À l’occasion des bouleversements que vient de subir Copenhague, et des recherches s’ensuivant, on a retrouvé quelques paragraphes d’un conte inédit de Christian Andersen, dont nous livrons à nos lecteurs la primeur.
À l’occasion des bouleversements que vient de subir Copenhague, et des recherches s’ensuivant, on a retrouvé quelques paragraphes d’un conte inédit de Christian Andersen, dont nous livrons à nos lecteurs la primeur. Il faut espérer que son dénouement remontera bientôt à la surface.
Au bout d’un continent, sur une péninsule aux contours chantournés, s’étendait un vaste empire, Ørop, que l’histoire avait cruellement éprouvé. Elle avait fomenté sur son territoire, deux ou trois générations plus tôt, des crimes tellement épouvantables, infligé de telles souffrances et de si terribles destructions à ses peuples, qu’il avait décidé de la quitter, de sortir d’elle, de faire comme si elle n’avait plus cours.
Le consensus était que rien n’arrivait : rien qui relevât en tout cas de la grande politique, des annales des peuples, du destin des empires. Comme sujet de conversation et de débat l’économie était tolérée, et même encouragée, en guise de récit de substitution. Pour le reste, c’était à qui se tairait le mieux, fût-ce en prononçant de grands discours. Voulût-on faire carrière en politique, ou dans la presse, il fallait adopter pour devise : Je dirais même moins. Et quelque charge qu’on briguât dans Ørop, il fallait offrir la garantie qu’on ne verrait rien, qu’on n’entendrait rien et surtout qu’on ne dirait rien. Si quelque chose se faisait entendre néanmoins, les ambitieux et les prudents étaient jugés sur leur capacité à traduire ce bruit en néant, en colonnes de chiffres, en alibis tarabiscotés. Les malheureux qui ne maîtrisaient pas cet art, et qui disaient comme ils pouvaient que l’empire sombrait, que son territoire était envahi, que son peuple était remplacé par d’autres, ceux-là étaient traînés dans la boue et devant les tribunaux, persécutés, exclus de la communauté impériale.
L’ennui pour ce vaste empire, qui avait été riche et puissant, c’est que le reste du monde, lui, n’ayant pas les mêmes raisons de sortir de l’histoire, n’avait pas la moindre intention de le faire ; et trouvait bien ridicule qu’il le fît, s’étant délibérément ôté tout moyen juridique et militaire de protéger ses frontières, puisqu’il avait décidé que rien n’arrivait, ni ne pouvait arriver.
Or, l’histoire vomit la dérobade, le défaut : surtout lorsqu’elle pressent qu’ils sont organisés contre elle. Cet empire, donc, était bel et bien envahi. Les autres nations et les autres peuples auraient jugé trop bête de ne le conquérir point, puisqu’il les y invitait par son absence à lui-même.
L’invasion revêtait deux formes — ou plutôt trois.
La première était tout à fait placide : les envahisseurs se contentant d’être là, de plus en plus nombreux, comme des corbeaux attendent en rangs serrés la fin d’une bataille.
La deuxième était plus classique : pour imposer sa loi elle procédait par le meurtre, la terreur et l’assassinat.
Quant à la troisième, c’était une combinaison des deux autres : sorte de sas intermédiaire, une délinquance aux mille visages, civile, mais qui servait d’école d’apprentissage à la conquête par le fer et le feu.
Pourtant l’empire s’obstinait : il n’arrivait rien, il n’arrivait rien, il n’arrivait rien.
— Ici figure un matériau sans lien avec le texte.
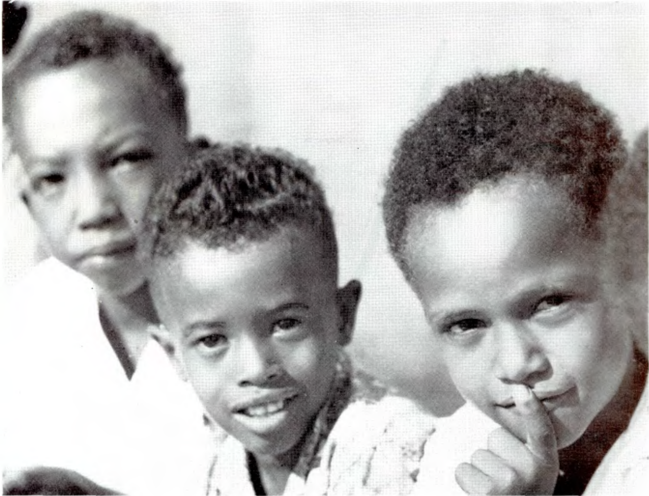
Minois enfantins The facial expressions of children Caras infantiles

la jeunesse malgache nous avons pu voir briller aux plus hauts rangs du gouvernement, de l'église et de l'administration, des Anciens pleinement conscients de leurs responsabilités et décidés à les assumer dans la foi et la fidélité.
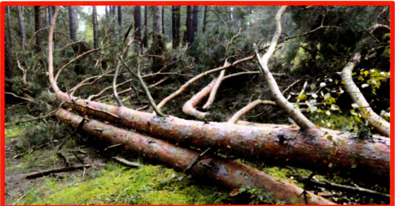
Лежащее на поверхности земли ветровалное дерево, не имеющее признаков отмирания. Не является валежником

Кроме того, необходимо обратить внимание, что деревья, которые лежат на земле, но не имеют признаков естественного отмирания (имеют зеленую листву или хвою), определять как «мертвые» не допускается ( смотри изображение № 5 ).
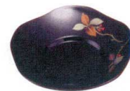
11-190-10 ☐ 4.2寸雅梅溜数柑子茶托 ¥ 1,350 (φ125・H15)
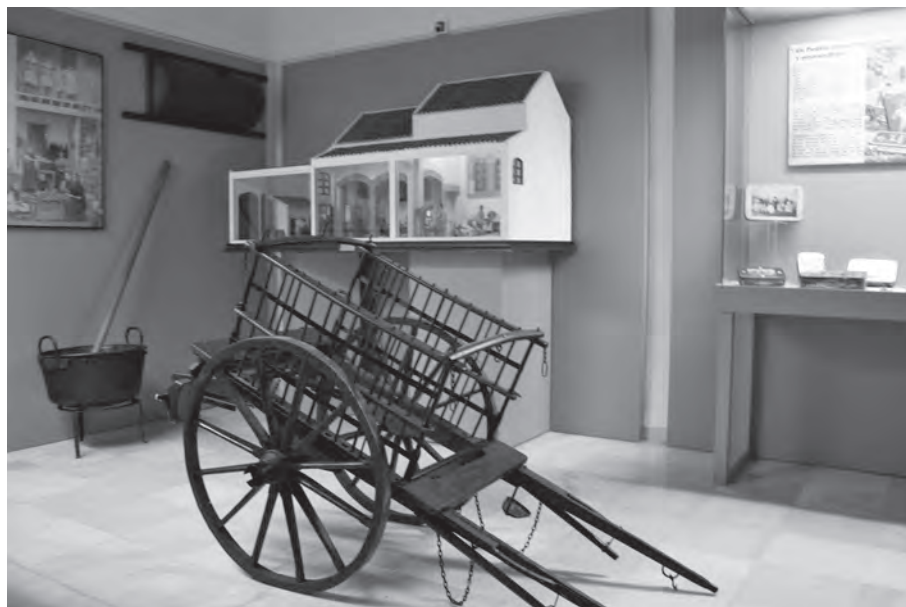
Fig. 8.- Panorámica Sala IV "Industria del membrillo".

una burguesía empresarial y de un proletariado activo en toda la etapa.
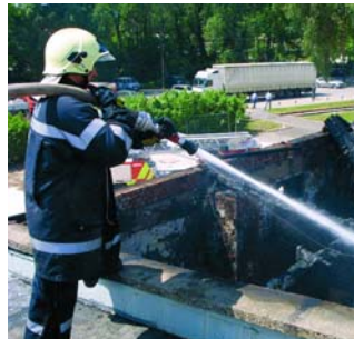
Zu Einsätzen im Grazer Süden werden die Feuerwehrmänner künftig eine kürzere Anfahrt haben.

zial- und Ruheräume und einen Helikopter-Landeplatz umfassen. ■
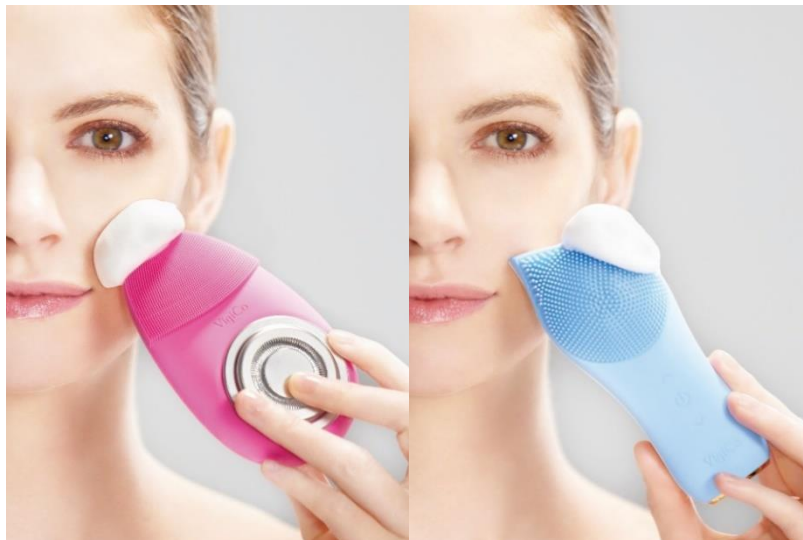
『Beau Stage VigiCo beauty』（画像左）、『Beau Stage VigiCo relax』（画像右）

『Beau Stage VigiCo』シリーズは、音波振動により汚れを浮き上がらせることで、手洗いでは落としにくいメイク汚れや皮脂、古い角質などを、効果的に取り除くことができるフェイシャル美容機器です。本シリーズは、音波振動機能に加え、それぞれ特徴の異なる2商品をご用意しています。『Beau Stage VigiCo beauty』には「イオン導出入」機能を搭載しており、イオン導入では化粧水などの有効成分を肌の角質層まで浸透させます。一方イオン導出では、毛穴に詰まった汚れを吸着させます。『Beau Stage VigiCo relax』には、温熱機能を搭載しており、シリコンブラシが温まり、よりリラックスした状態でクレンジングすることができます。
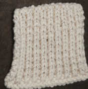
Cosy: Off White SBF: Off White

Si néanmoins le sang coulait avec trop d’abondance pour n’être tout à fait pas vu, les citoyens descendaient en masse dans la rue pour réclamer plus de la même chose, ce changement de peuple qu’ils nommaient comiquement vivre ensemble. Pas d’amalgame !, criaient-ils, c’est-à-dire : Pas de vérité ! Et aussi : À bas les effets ! Vivent les causes !
Or, un jour que le vivre ensemble avait tué plus de monde encore que d’habitude, profané plus d’églises et de synagogues, souillé plus de tombes et rendu la vie impossible a plus d’anciens citoyens de l’empire, il arriva qu’un enfant de cinq ans, que sa faiblesse constitutive avait empêché de suivre à l’école l’enseignement de l’oubli et la pédagogie de l’hébétude, pourtant de règle dans l’empire, s’écria…
Ici s’arrête brutalement le manuscrit retrouvé.